Study Shows Monkeys Are Emotional, and Empathetic Creatures
Okay!! I really want to vent about Monkeys. I was in a place between Ogun and Lagos State in Lagos Ibadan Express Way and I didn't know that there were monkeys in the area. The person I was walking with didn't give me the memo and I guess it was because we were lost in talks. You see the story of Alibaba and the 40 thieves, that's just how they were.
I was going peacefully when my handbag was dragged from me and I wanted to shout for help that i was being robbed when she made the comment "Not again". I was in shock but she told me not to worry that I was going to get it back soon. She asked me not to chase after them but rather go buy bananas, corn, and some fruits. When we came back, the monkeys were already going through my stuff in the handbag and luckily for me, my phone or anything precious wasn't inside. She asked that I give it to the biggest of them, then share with the other ones. When I gave them the bananas, I then served the other fruits which they took, made noises like they were laughing and left my bag on the ground for me. One by one they dropped the contents in the bag including my spectacle that they broke already.
It is no doubt that this animals are clever but it is like this cleverness of them is what they use for their little evil. This experience got me to ask myself if monkeys actually have any form of morality in them since they are social animals just like us. I do not know if my bag was returned because I knew how to bribe them or because they were just compassionate enough. These things leave me questioning the morality of monkeys.
With the understanding of fairness comes morality because if we are not able to determine what is fair then how do we come to conclude that something is right or wrong. It is what helps us to know when something is fair or not fair, when we are being cheated or when we are being treated with respect. To understand if monkeys also understood this, I surf the internet and stumbled on a research in 2003 where two monkeys were rewarded to 2 different fruits as treat when they gave a token to the human giving the treat.
The treat were grape and cucumber with one monkey receiving grape and the other receiving cucumber. When the game began they were both cooperative until the monkey fed cucumber noticed that it wasn't served a fair reward since grape was sweeter than cucumber, and he decided to not accept the treat and request for a better reward. Further research showed that just like females are more emotionally attached and sensitive to being unfair, female monkeys were more sensitive to unfair acts than male ones.
Now I get it that monkeys understand fairness, so it is possible that they are able to empathize with one another thereby feeling the need to be there for one another? Another test was done where monkeys were given two types of tokens, a selfish token and a helpful token. They were going to get rewarded alone when they released the selfish toke to the person while both monkeys will be rewarded if they released the helpful token. The researchers noticed that the monkey released the helpful tokens more as they didn't mind that they both got rewarded while one person did the job. The researchers noticed that the result of this was determined by how well the monkey knew or interacted with themselves.

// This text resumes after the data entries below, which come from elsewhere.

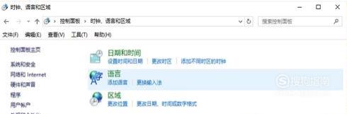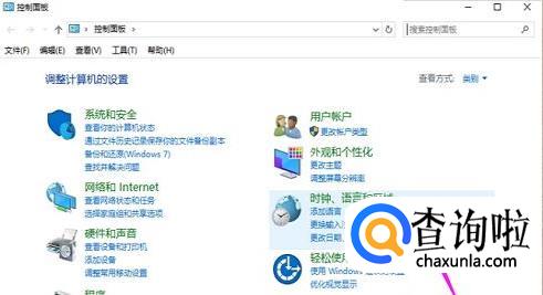 进入控制面板界面,找到“时钟、语言和区域”选项。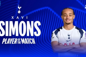 梅開二度,歐冠官方:哈維·西蒙斯當選熱刺3-2馬競全場最佳球員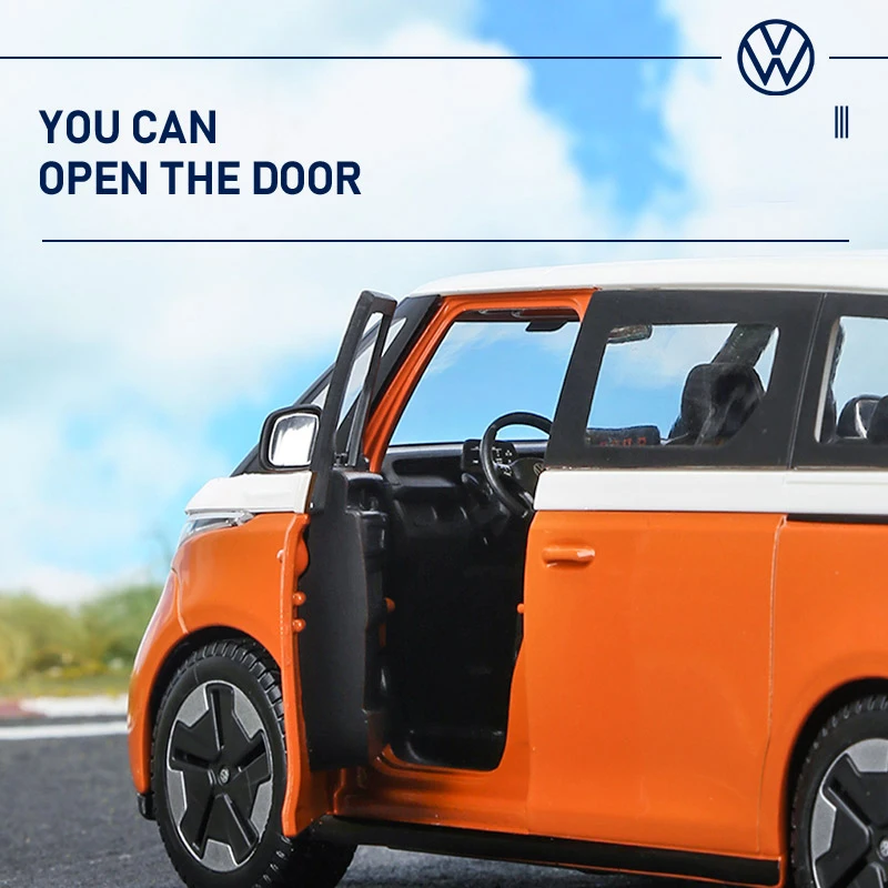 Experience the charm of this detailed miniature Volkswagen ID Buzz 2023, meticulously crafted in 1:24 scale. Featuring vibrant orange and yellow options, this diecast model captures the modern, boxy van's sleek lines and spacious design. With realistic black and white accents, transparent windows revealing a subtly detailed interior, and alloy wheels with textured tires, it offers a visually authentic representation of the real vehicle. Made from alloy and plastic, it exudes quality and durability, perfect for collectors or enthusiasts. Whether displayed on a shelf or used as a thoughtful gift, this model brings a touch of contemporary automotive style to your collection, allowing you to enjoy and showcase its impressive realism every day.

So, is it possible that monkeys punish themselves because I wish the monkey that broke my eyeglass got punished. While I didn't see any study that showed that they could be punished for breaking ones property, I saw a study that explains how monkeys punish other monkeys who stole food by destroying their table with the food making sure they didn't eat it, they would also throw away a partner's food if they notice the food given ti the neighbor is more than theirs.
Okay, now I understand why I needed to get fruit for the monkeys although I wasn't happy buying them the fruit in a transactional way. I would have preferred to buy them fruits and watch them enjoy it without a transaction in between.
Post Reference
https://www.emory.edu/LIVING_LINKS/publications/articles/Brosnan_deWaal_2003.pdf
https://www.pnas.org/doi/full/10.1073/pnas.1504454112
https://www.theguardian.com/science/2008/aug/26/animalbehaviour.medicalresearch
https://www.sciencedirect.com/science/article/abs/pii/S1090513815001221
Wait, I have seen monkeys that act like dwarf devil and some can act like cool kids but I do not like going close to monkeys at all. I didn't know they had some kind of morals, I thought they just saw everything as fun even when they are hurting others.